(Records excerpted from a collection)
= Beginning of Section =
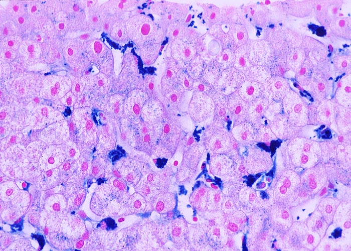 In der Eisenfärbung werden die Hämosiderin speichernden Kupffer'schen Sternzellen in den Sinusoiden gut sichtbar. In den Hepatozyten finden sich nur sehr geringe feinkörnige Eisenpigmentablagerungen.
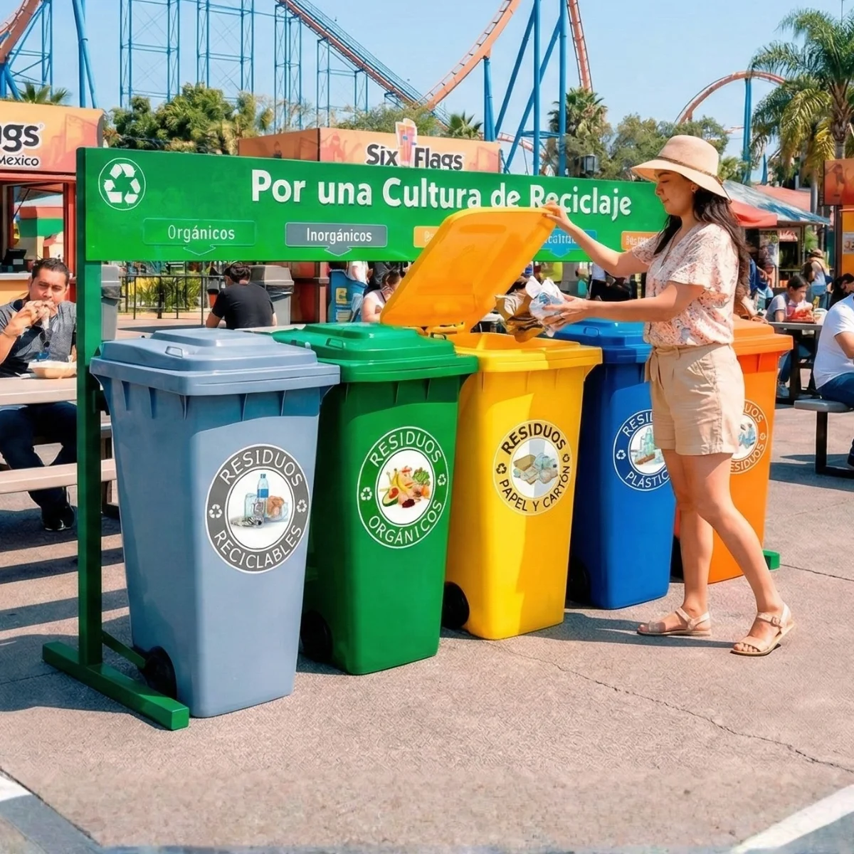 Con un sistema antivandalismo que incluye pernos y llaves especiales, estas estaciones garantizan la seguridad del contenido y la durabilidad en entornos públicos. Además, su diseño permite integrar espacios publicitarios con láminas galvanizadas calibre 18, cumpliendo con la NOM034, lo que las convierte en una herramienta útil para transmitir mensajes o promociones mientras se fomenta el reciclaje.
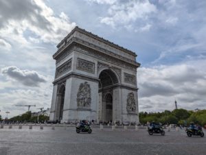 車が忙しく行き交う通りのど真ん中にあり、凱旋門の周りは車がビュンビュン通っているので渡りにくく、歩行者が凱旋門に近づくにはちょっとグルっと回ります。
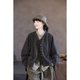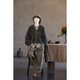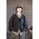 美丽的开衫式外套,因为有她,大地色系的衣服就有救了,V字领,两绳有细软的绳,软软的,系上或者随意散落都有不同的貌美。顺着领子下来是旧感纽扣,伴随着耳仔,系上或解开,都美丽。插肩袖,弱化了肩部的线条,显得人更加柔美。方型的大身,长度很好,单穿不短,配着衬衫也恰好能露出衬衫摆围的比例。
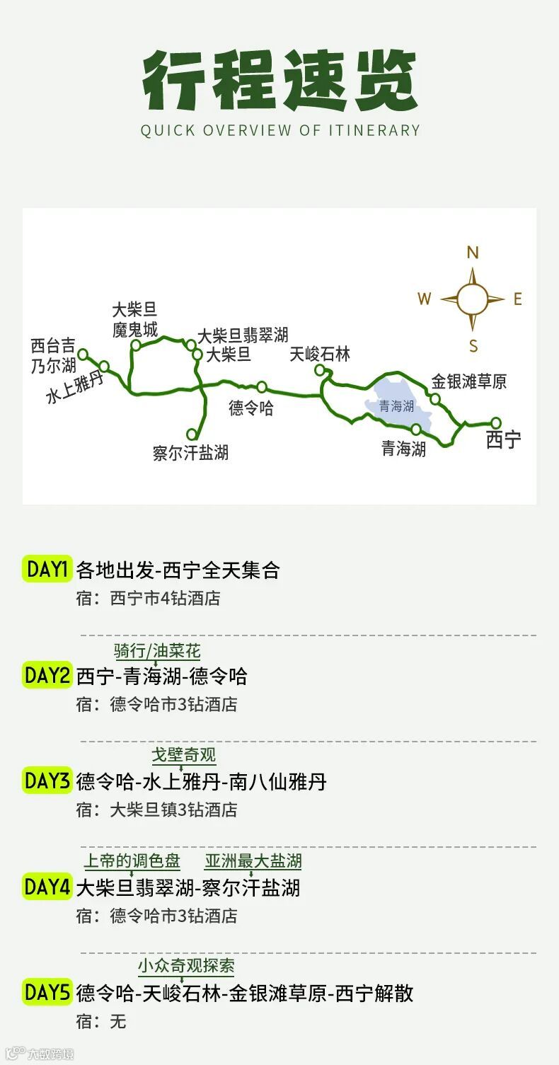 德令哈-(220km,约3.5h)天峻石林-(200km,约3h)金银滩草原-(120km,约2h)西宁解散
= End of Section =
▶ [ASSIGNMENT]
The lines from the one with "美丽的开衫式外套,因为有她,大地色系的衣" to the end of the data above should be retyped exactly, both ends included, and pictures are to be left out.

▶ [EXERCISE RESULT]
 美丽的开衫式外套,因为有她,大地色系的衣服就有救了,V字领,两绳有细软的绳,软软的,系上或者随意散落都有不同的貌美。顺着领子下来是旧感纽扣,伴随着耳仔,系上或解开,都美丽。插肩袖,弱化了肩部的线条,显得人更加柔美。方型的大身,长度很好,单穿不短,配着衬衫也恰好能露出衬衫摆围的比例。
 德令哈-(220km,约3.5h)天峻石林-(200km,约3h)金银滩草原-(120km,约2h)西宁解散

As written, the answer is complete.